Bcl-x L regulates metabolic efficiency of neurons through interaction with the mitochondrial F₁ F_O ATP synthase

Anti-apoptotic Bcl2 family proteins such as Bcl-x _L protect cells from death by sequestering apoptotic molecules, but also contribute to normal neuronal function. We find in hippocampal neurons that Bcl-x L enhances the efficiency of energy metabolism. Our evidence indicates that Bcl-x _L interacts directly with the β-subunit of the F₁ F_O ATP synthase, decreasing an ion leak within the F₁ F_O ATPase complex and thereby increasing net transport of H ⁺ by F₁ F_O during F₁ F_O ATPase activity.
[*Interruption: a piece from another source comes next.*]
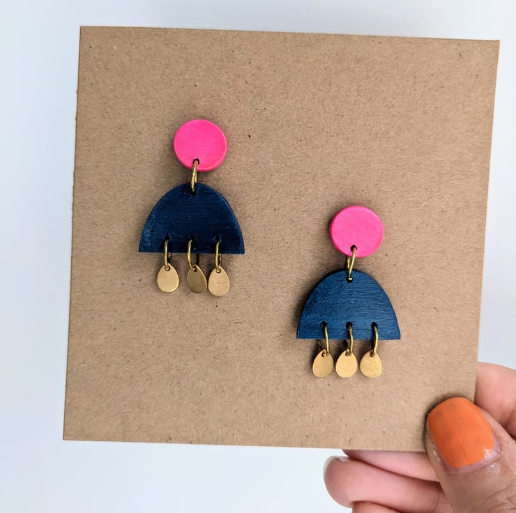 Super lightweight and comfortable to wear, these are created using a laser cutter on 3mm eco-friendly birch plywood. They are then individually sanded and carefully painted using low toxic acrylic paint, finished with low toxic varnish.

By patch clamping submitochondrial vesicles enriched in F ₁ F_O ATP synthase complexes, we find that, in the presence of ATP, pharmacological or genetic inhibition of Bcl-x_L activity increases the membrane leak conductance. In addition, recombinant Bcl-x L protein directly increases the level of ATPase activity of purified synthase complexes, and inhibition of endogenous Bcl-x_L decreases the level of F₁ F_O enzymatic activity. Our findings indicate that increased mitochondrial efficiency contributes to the enhanced synaptic efficacy found in Bcl-x L-expressing neurons.